Abstract: America’s operating assumptions about people, places, and power are embedded in various narratives that inform the discourse on climate adaptation, systemic racism, gender identity, and infrastructure needs. Consequently, planners, preservationists, and infrastructure planners must contend with operating assumptions. This process must make space for co-creating counternarratives to help prevent cultural erasure, yield intersectional solutions, and foster authentic consultation with all stakeholders. Co-creating new creation and policy narratives are foundational to equitable practice.

This talk presents The Texas Freedom Colonies Project Atlas, a case study in applied, justice-centered counternarrative and countermapping work. Freedom colonies, historic Black settlements whose dispersed, surviving descendants endeavor to preserve their communities, exist at the intersection of growth pressure, chronic underdevelopment, and co-located endangered historic sites. The Project’s Atlas crowdsources public data, memories, and stories about disappearing, previously undocumented settlements and co-constructs counternarratives arguing for settlements’ historic significance, thereby correcting planning and preservation assumptions that lead to the erasure and destruction of these places. The Project’s documentation, surveying, and engaged scholarship have identified previously unrecognized historic settlements, illuminated infrastructure needs—broadband, improved water and sewer systems—and increased the likelihood that preservation and planning confront the existence of vulnerable Black cemeteries and structures during transportation planning. The presenter discusses plans to expand the lessons learned in new contexts, including the mid-Atlantic region. 

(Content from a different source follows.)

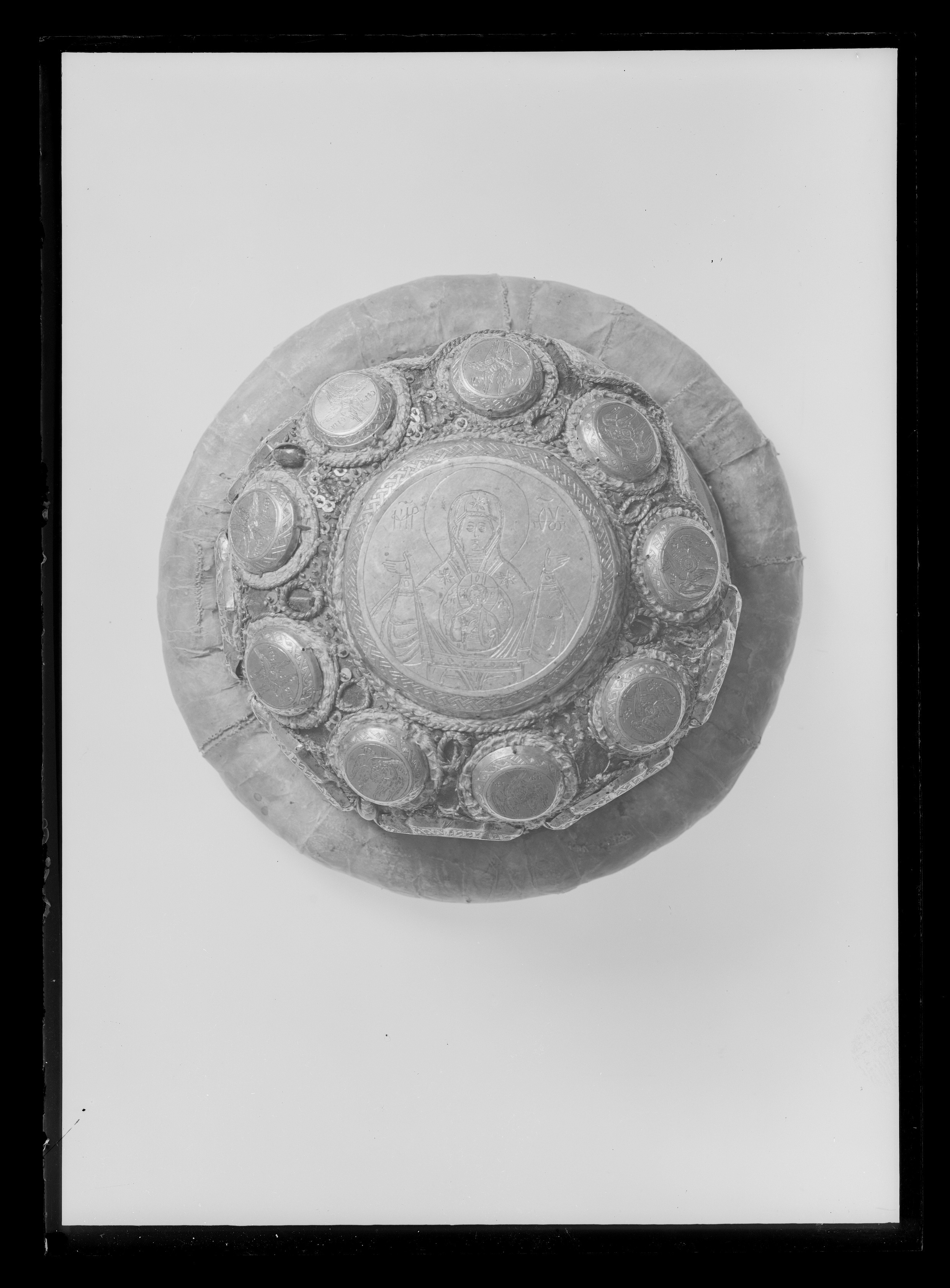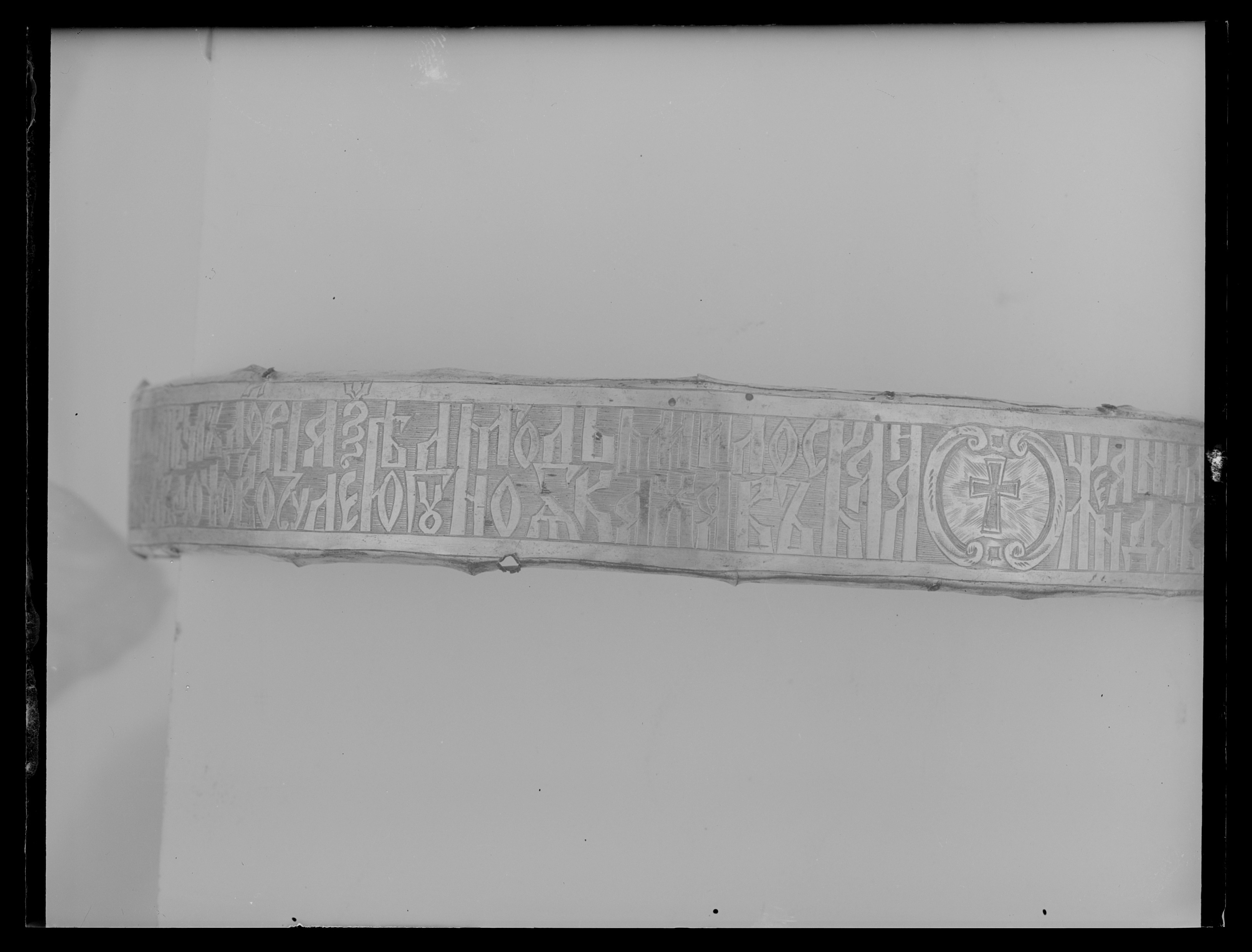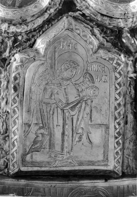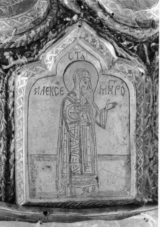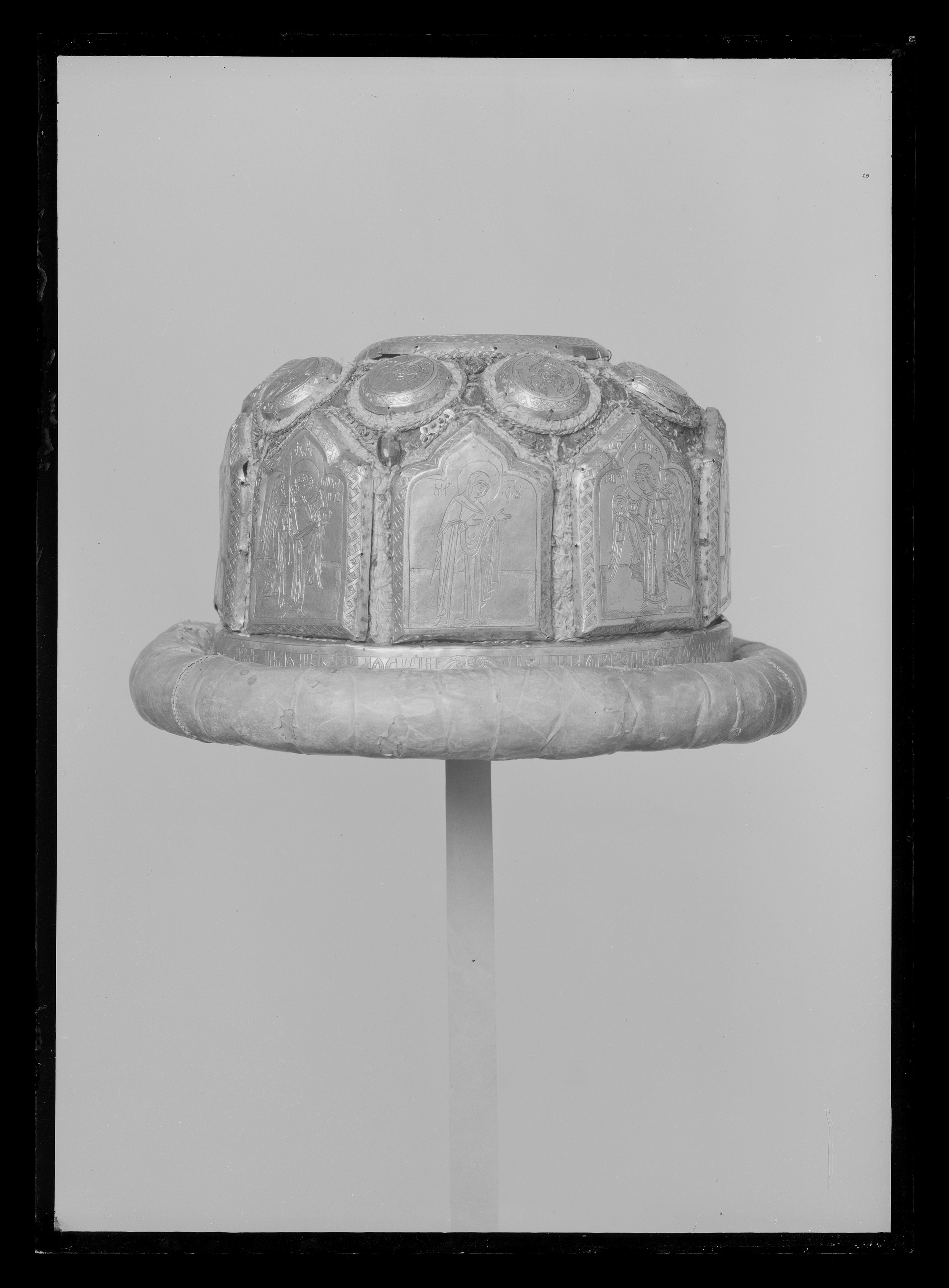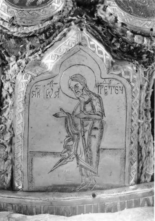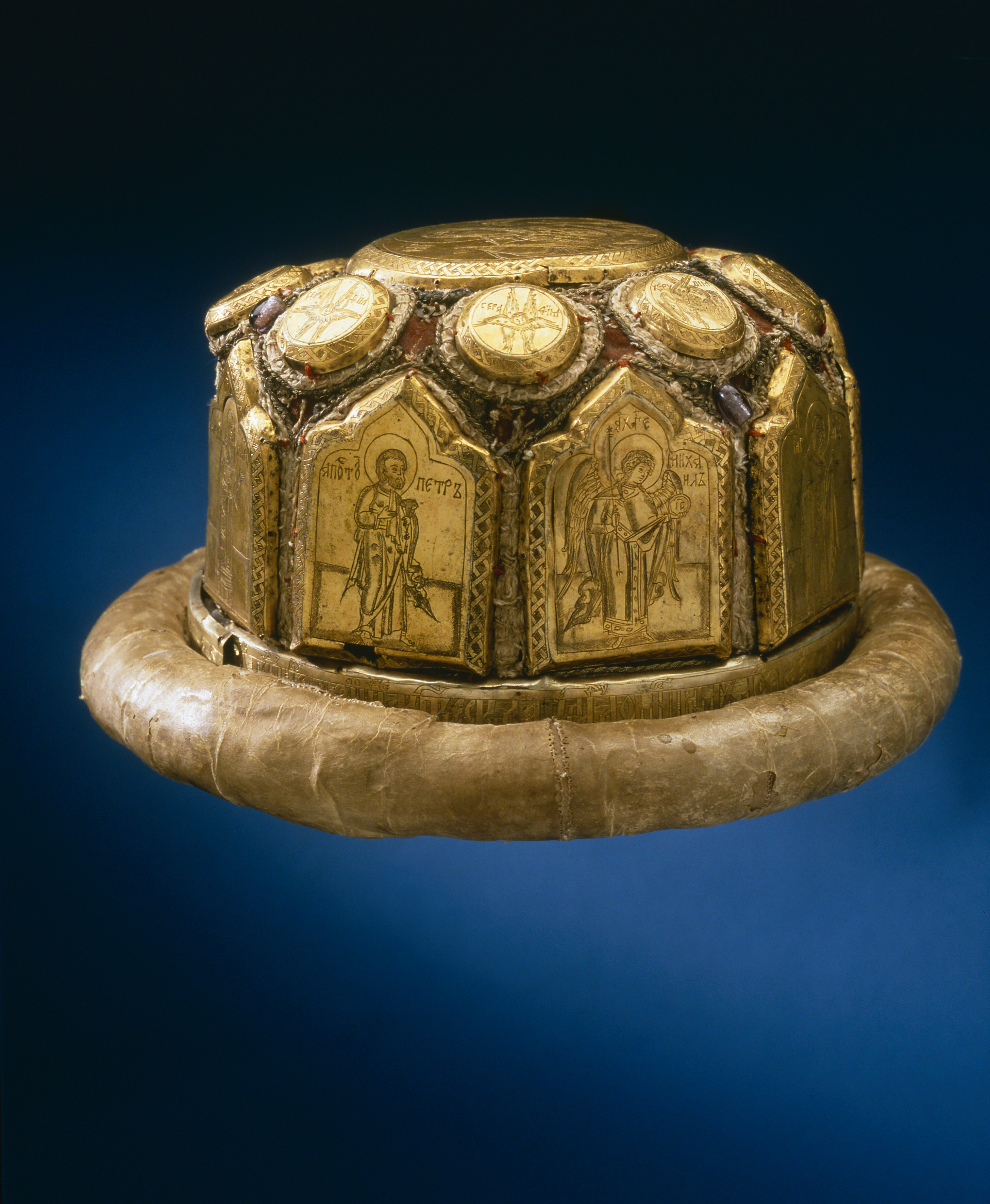 Krigsbyte från Narva, 1700. Mitra av hattformig modell med cylindrisk kulle med svagt rundad kant. Vulstformigt brätte, b: ca 30 mm, klätt med pergament (ursprungligen med skinn?). Kullen klädd med delvis mycket slitet, karminrött siden, nertill vid brättet ring av förgylld silverplåt, b: 30 mm med graverad, gammalslavisk text (översättning se Bodin Per-Arne, "Kejsarkrona och törnekrona", tidskr. Livrustkammarne 15:12, Stockholm 1981): År (7)159 november, 17 dagen gav statssekreteraren Michail Danilovs hustru, änkan Uljana, dotter till Vasilij, denna biskopsmössa till Tjudovklostret, till den undergörande Aleksijs hem, till minne av sin make Michail Danilovitj, eremitmunken Misail och sin dotter Ksenia för sin själ Därovanför en krans med sex, ursprungligen nio helgonbilder, graverade på rektangulära plåtar med trepassformig överdel, mellersta bågen spetsig, h: 83 mm, b:58 mm, gammalslaviska texter: 1 - ett manligt helgon med otydlig text "pete.."; 2 - ärkeängeln Gabriel: "achange gabri"; 3 - Maria: "mrthy" (mätär Theo - Guds moder); 4 - ärkeängeln Mikael: "achage michail"; 5 - evengelisten Petrus: "apoto petr"; 6 - helgon i biskopsdräkt: "st.alekse miro". På kullens översida en krans med nio runda plåtar med serafer och keruber, fyra stycken med text: "serafim", fem med "cherubi". Mitt på kullen en stor, rund plåt, d: 102,5 mm med Maria och Jesusbarnet, text:"mrthy" (Guds Moder". Runt plåtarna broderier med silke, silvertråd och -paljetter, två ovala, genomborrade glaspärlor bevarade. Hatten invändigt stoppad och klädd med blekrött siden.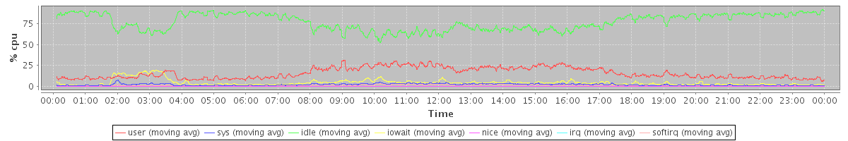 avg(user) = 15.72 avg(sys) = 1.86 avg(idle) = 77.03 avg(iowait) = 4.36 avg(nice) = 0.00 avg(irq) = 0.04 avg(softirq) = 0.98

Speaker Bio: Dr. Andrea Roberts is Associate Professor of Urban and Environmental Planning and Co-Director of the School’s Center for Cultural Landscapes at the University of Virginia’s (UVA) School of Architecture. Before joining UVA, Dr. Roberts was Associate Professor of Urban Planning at Texas A&M University (TAMU). She holds a Ph.D. in planning from The University of Texas at Austin (2016), an M.A. in government administration from the University of Pennsylvania (2006), and a B.A. in political science from Vassar College (1996). As a scholar-activist she brings 12 years of experience in community development, nonprofit administration, and advocacy to her engaged research and public scholarship. In 2014, she founded The Texas Freedom Colonies Project, through which she mentors and trains future planners, preservationists, scholars, and community-based researchers to challenge freedom colony invisibility, environmental injustice, and land loss. She and her team map these settlements via The Texas Freedom Colonies Project™ Atlas and Study, propagating interdisciplinary research and pedagogical frameworks, including Critical Place Studies and Diasporic, Black Feminist, and African American Planning Studies. Roberts was a 2020-21 Whiting Public Engagement Fellow, an African American Cultural Heritage Action Fund grant recipient, a 2020 Visiting Scholar at Yale’s Gilder Lehrman Center for the Study of Slavery, Resistance, Abolition, and Co-Project Director for the 2022 NEH Summer Institute for Higher Education Faculty. She is a Mellon Initiative in Urban Landscape Studies Advisory Board member an is currently authoring a book, Never Sell the Land, for The University of Texas Press.